Leaders get 'lean' with Green Belt training

  • Published
  • By Kandis West
  • 72nd Air Base Wing Public Affairs
The commander for Air Force Materiel Command has said that Air Force Smart Operations for the 21st Century (AFSO 21) is a mindset and a change in behavior.
    Oklahoma City Air Logistics Center senior leaders are changing their behavior and the culture of the OC-ALC - one Greenbelt class at a time.
   Greenbelt training instructor Michael Kakhta said the concepts are basic.
"We are going back to classic functions of what makes a business work," he said. "We are fixing processes; they already know how to fix parts."
   The purpose of the Greenbelt training is to develop individuals to lead process improvements. The training also teaches participants to effectively use tools like Six Sigma, a method to eliminate variation and standardize a process and lean initiatives designed to eliminate waste or non-value added steps from a process.
   The training emphasizes a data-driven approach to problem solving using several key concepts like value stream mapping, a tool used to identify all steps of a process and the time it takes to complete those steps, cause and effect analysis and basic statistics.
   "Our job as leaders and managers is to remove barriers so our guys can be productive," said Wade Wolfe, chief of transformation, integration and process improvements for Plans and Programs.
   The training consist of 14 classes over a four-month period in which participants apply the skills they learned by working a real-world project in teams of four. The average project time is 40-50 hours outside the classroom in addition to regular duties.
   Maj. Gen. Loren Reno, OC-ALC commander, and the senior leaders that are participating in the current Greenbelt training, tackled a variety of problems.
   General Reno's team was tasked with reducing the time of preparing read-ahead materials. On average, it took the team more than 11 hours to produce the read-ahead material per day. Through statistical data, the team developed a plan to reduce the time to four hours by making the process electronic.
   By eliminating the paper process, there will be an estimated cost savings of $1,200 a year for toner and paper alone. The team also found it was quicker and easier to make corrections electronically than on paper.
   Mr. Wolfe said the process improvements and Greenbelt projects don't have to save millions of dollars, but simply make a process more effective and efficient.
"It's not one project that saves a million dollars; it's a million projects that save one dollar," Mr. Wolfe said.
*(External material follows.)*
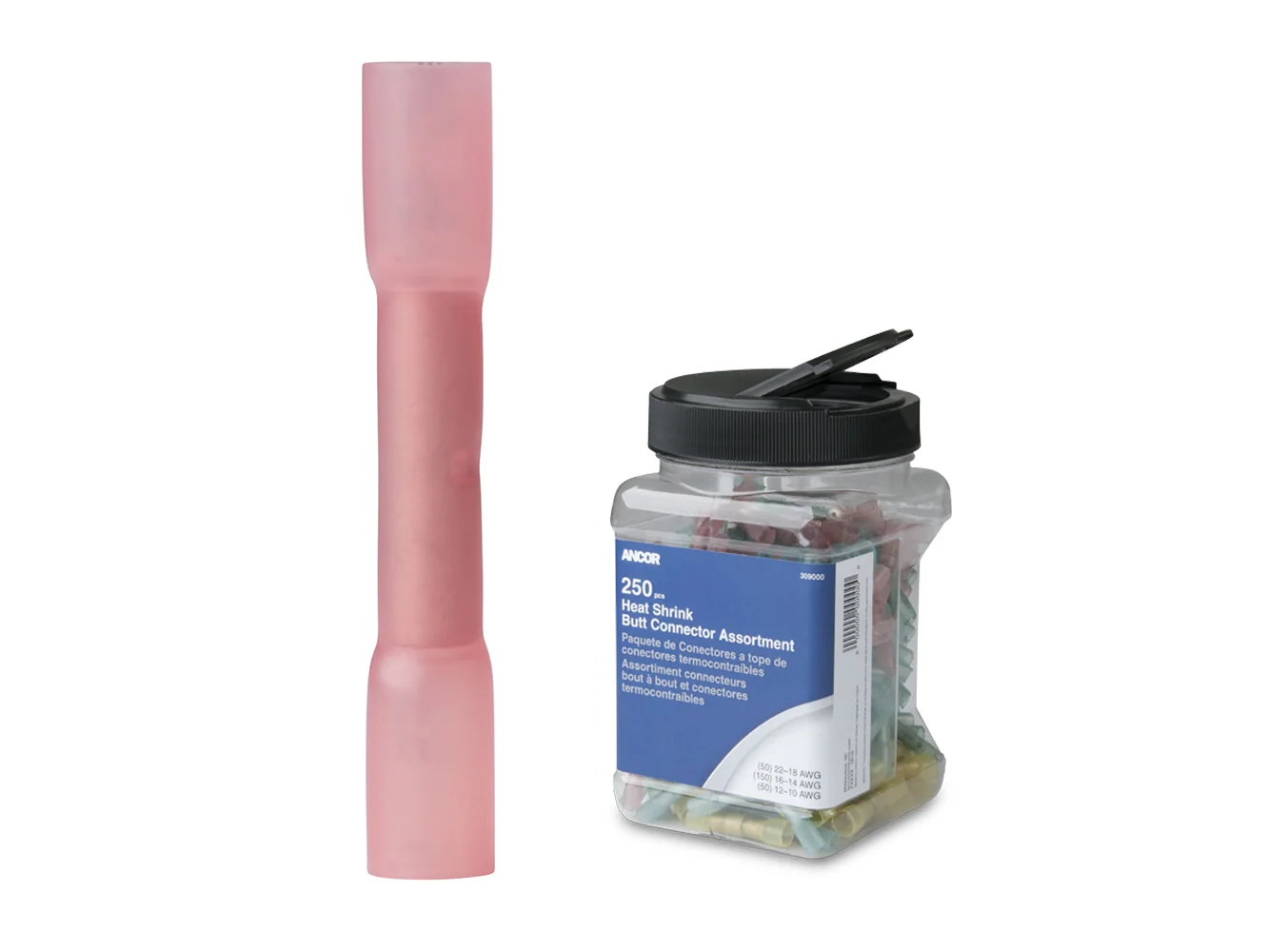 22-18 AWG Heat Shrink Butt Connector – 250-Pieces – Jar

   He said the goal of the Greenbelt training class is not to charter a formal project for every improvement, but to get people to automatically think of how they can improve things.
   "Eventually, the culture will be engrained into their minds," Mr. Wolfe said.
   The first Greenbelt training class was in 2004. The center was sending maintenance workers all over the country to get training on process improvements. Travel expenses were costly and the training was not standardized.
   Team Tinker leaders decided to partner with the Lean Institute Training Program at the University of Oklahoma to host a standard training program at Tinker.
Since 2004, more than 85 percent of senior leaders group-level or higher have been trained.
   "Changing the culture starts at the top," said Larry Fisher, OC-ALC Plans and Programs.
   Mr. Wolfe said the next class will consist of an equal amount of supervisors and non-supervisors as the focus begins to shift to non-leadership positions.